Closed, ResolvedPublicMay 3 2019

Description

What's requested:
Pageviews per topic in English Wikipedia for March, using draft topic

Why it's requested:
We currently have 0 idea of what topic areas drive readership outside of glancing at the top pages per day, which could be very
misleading. A base understanding that is crucial to understanding core use cases.

When it's requested:
By 5/3/19

Other helpful information:
Toby is a key stakeholder for this :)

Details

Due Date
May 3 2019, 7:00 AM

Event Timeline

In this analysis, I use the ORES draft topic model to get the topics of articles viewed on English Wikipedia in March 2019. The topics from this model are the WikiProject Directory and their mid-level categories. The WikiProject Directory provides a convenient intermediary ontology of WikiProjects that starts with four broad topics: Culture; Geography; History & Society; and Science, Technology and Mathematics (STEM).
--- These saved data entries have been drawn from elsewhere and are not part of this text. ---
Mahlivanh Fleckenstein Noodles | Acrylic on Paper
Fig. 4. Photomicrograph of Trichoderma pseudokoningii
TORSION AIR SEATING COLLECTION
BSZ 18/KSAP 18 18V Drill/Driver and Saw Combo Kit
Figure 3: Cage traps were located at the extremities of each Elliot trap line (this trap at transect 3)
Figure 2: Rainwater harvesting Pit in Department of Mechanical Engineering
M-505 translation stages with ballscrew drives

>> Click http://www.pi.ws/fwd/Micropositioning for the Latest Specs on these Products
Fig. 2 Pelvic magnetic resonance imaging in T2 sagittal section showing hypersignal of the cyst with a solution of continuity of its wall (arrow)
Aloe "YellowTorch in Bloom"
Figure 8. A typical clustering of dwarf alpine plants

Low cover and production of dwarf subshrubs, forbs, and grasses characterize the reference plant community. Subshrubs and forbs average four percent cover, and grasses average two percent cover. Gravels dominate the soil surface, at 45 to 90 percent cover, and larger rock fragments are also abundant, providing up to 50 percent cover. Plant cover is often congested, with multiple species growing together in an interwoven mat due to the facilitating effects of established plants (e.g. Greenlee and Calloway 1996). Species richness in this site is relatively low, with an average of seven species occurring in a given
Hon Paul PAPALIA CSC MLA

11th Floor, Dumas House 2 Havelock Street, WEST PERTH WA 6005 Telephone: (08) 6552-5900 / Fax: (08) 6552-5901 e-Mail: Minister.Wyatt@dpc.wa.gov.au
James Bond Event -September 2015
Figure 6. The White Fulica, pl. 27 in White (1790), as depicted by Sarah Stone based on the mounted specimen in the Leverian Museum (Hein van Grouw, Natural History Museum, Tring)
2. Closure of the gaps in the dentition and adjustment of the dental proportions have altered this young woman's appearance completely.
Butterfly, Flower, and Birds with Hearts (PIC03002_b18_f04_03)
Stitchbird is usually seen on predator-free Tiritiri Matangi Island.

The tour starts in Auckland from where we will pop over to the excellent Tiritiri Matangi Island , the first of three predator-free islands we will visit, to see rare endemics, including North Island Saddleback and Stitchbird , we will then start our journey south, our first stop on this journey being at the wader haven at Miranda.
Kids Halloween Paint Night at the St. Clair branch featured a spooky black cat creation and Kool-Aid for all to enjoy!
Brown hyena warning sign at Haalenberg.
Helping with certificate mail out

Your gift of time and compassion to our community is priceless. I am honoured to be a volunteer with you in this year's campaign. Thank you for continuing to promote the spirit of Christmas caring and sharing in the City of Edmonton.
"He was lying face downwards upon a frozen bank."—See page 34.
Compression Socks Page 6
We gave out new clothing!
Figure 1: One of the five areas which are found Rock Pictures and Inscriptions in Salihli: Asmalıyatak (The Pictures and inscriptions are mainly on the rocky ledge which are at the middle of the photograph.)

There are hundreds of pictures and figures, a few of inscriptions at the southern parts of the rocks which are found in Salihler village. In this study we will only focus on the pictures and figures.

From there, the directory drills down into mid-level categories and sub-topics and eventually specific WikiProjects. For example, WikiProject Birds exists underneath the path STEM/Science/Animals. In this analysis, we call the WikiProject Directory "broad topic", and the mid-level categories "topic".

Screen Shot 2019-05-03 at 3.37.15 PM.png (930×1 px, 297 KB)

CC BY-SA 4.0, EpochFail, File:WikiProject Directory mid-level category abstraction.svg

In March 2019, 7,162,726 unique pages* (namespace 0) are viewed 7,495,953,809 times on English Wikipedia. The distribution has a very long tail -- most of the pages got very few views and only a very small number of pages got many views. In order to be more computationally efficient, I only include the top 1 million pages that got the most views in this analysis, which accounts for 92.01% of total page views of English Wikipedia in March 2019.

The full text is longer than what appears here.